A Mosquito's Version Of Surfing.


 Watching the heavy rain from the shelter of a convenient porch while the lighting lights up the dark sky and we count one and two and … eight and boom, the thunder rolls out in a majestic display of nature’s power, the plight of small insects caught out a ways from shelter come to mind.

Dickerson et al from Georgia Tech. also worried about this and focused their attention on mosquitos in their recent paper in the Proceedings of The National Academy of Science (1,2). Perhaps the plight of mosquitos might not be at the top of everybody’s list, but they are small and they are insects too.

The experimental kit of choice was a high-speed video camera, but sitting with a large number of mosquitos in nice humid conditions, waiting for a thunderstorm would be taking the scientific method too far. Instead, they took a group of mosquitos, threw droplets of water at them, and photographed the collisions.

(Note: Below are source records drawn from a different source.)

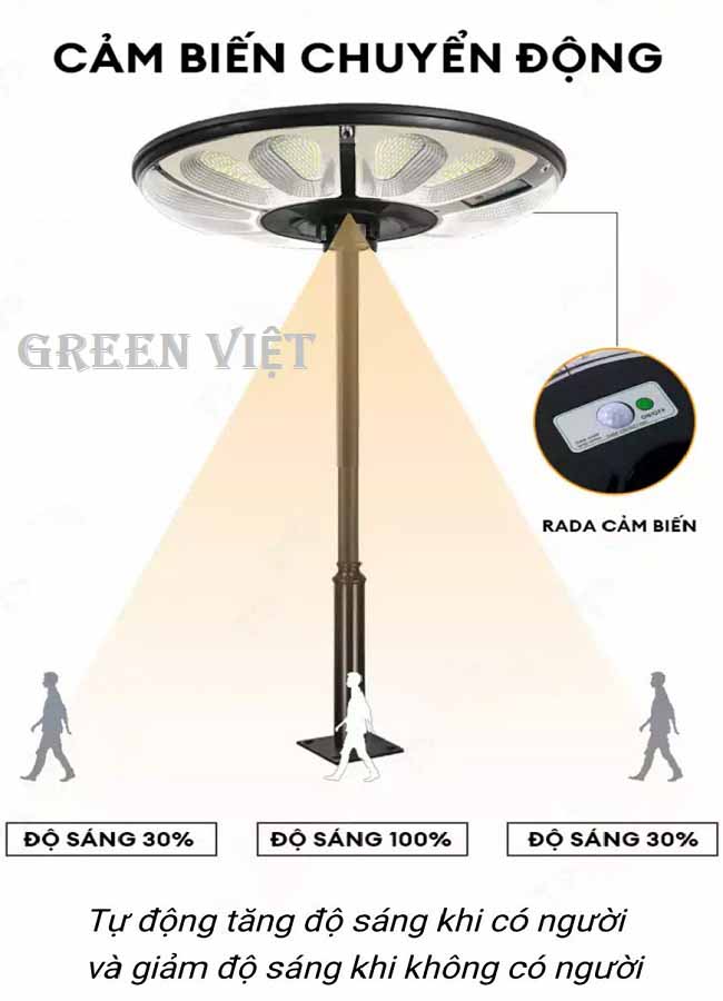 Đèn Năng Lượng Mặt Trời UFO 800W Siêu Sáng U800 là giải pháp chiếu sáng ngoài trời hiện đại, đáp ứng tốt nhu cầu tiết kiệm điện và nâng cao an ninh. Sản phẩm sở hữu thiết kế UFO gọn gàng, thẩm mỹ cao, dễ dàng lắp đặt trên cột đèn tại sân vườn, lối đi, bãi xe hay khu dân cư. Nhờ ứng dụng công nghệ đèn năng lượng mặt trời, U800 hoạt động hoàn toàn bằng ánh nắng, không cần kéo dây điện, giảm chi phí vận hành lâu dài.
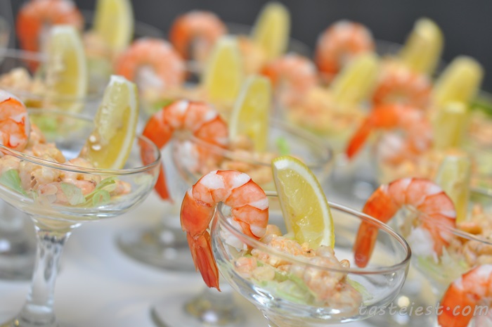 Prawn Cocktail with a slice of lemon and many small shrimp in salad.
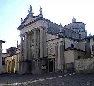 In 1516 Bishop Bonafacio Ferrero replaced the Romanesque façade with a Bramante-style portico. Bishop Ottavio Pocchettini (1824–1837) later commissioned architect Giuseppe Martinez to remodel the building in Late Baroque style. The Bramante-style portico was reworked into a Palladian style in 1854.[31]
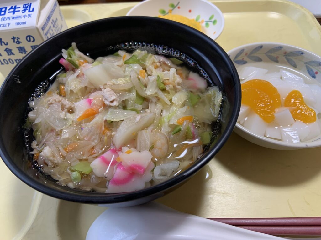 本日の昼食は「ちゃんぽんうどん」を提供しました。
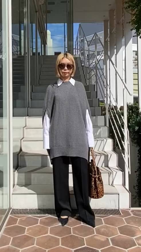 【スタイリングポイント】ポンチョstyling!メインのニットを活かしてシンプルにシャツと。バッグでレオパードを取り入れてよりクラス感のある着こなしにしました。
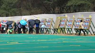 जगतपुरा रेंज पर राष्ट्रीय तीरंदाजी टूर्नामेंट: देशभर से आए 400 तीरंदाज, मैदान में गर्मी से बेहाल खिलाड़ी
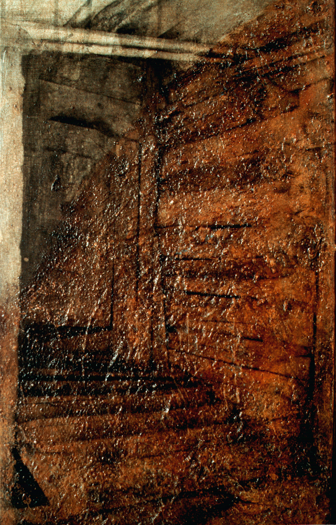 Jewlane (Judengasse) from the series Old Passau – Forgotten Views (Alt Passau – Vergessene Ansichten), Silver Gelatine Print on Acrylic and Mixed Media, 30 x 25 cm, 1993

The expectation was from a simply engineering picture that a small mosquito, being hit by a large mass of water would have a very hard time of it. After watching the video, Dr. Hu and his colleagues realized that the principals of Tai Chi were in play.

The small, light mosquitos just went with the drop instead of resisting it. They were carried along in a drop–insect combination until it could work its way free from the drop and fly off before the collision with the ground.

So it is a mosquito’s version of surfing where they drop in and kick out before the big crash. Every now and then there will be an unexpected wipeout, but there are a lot more mosquitos and drops to drop into than would result in a change to the gene pool.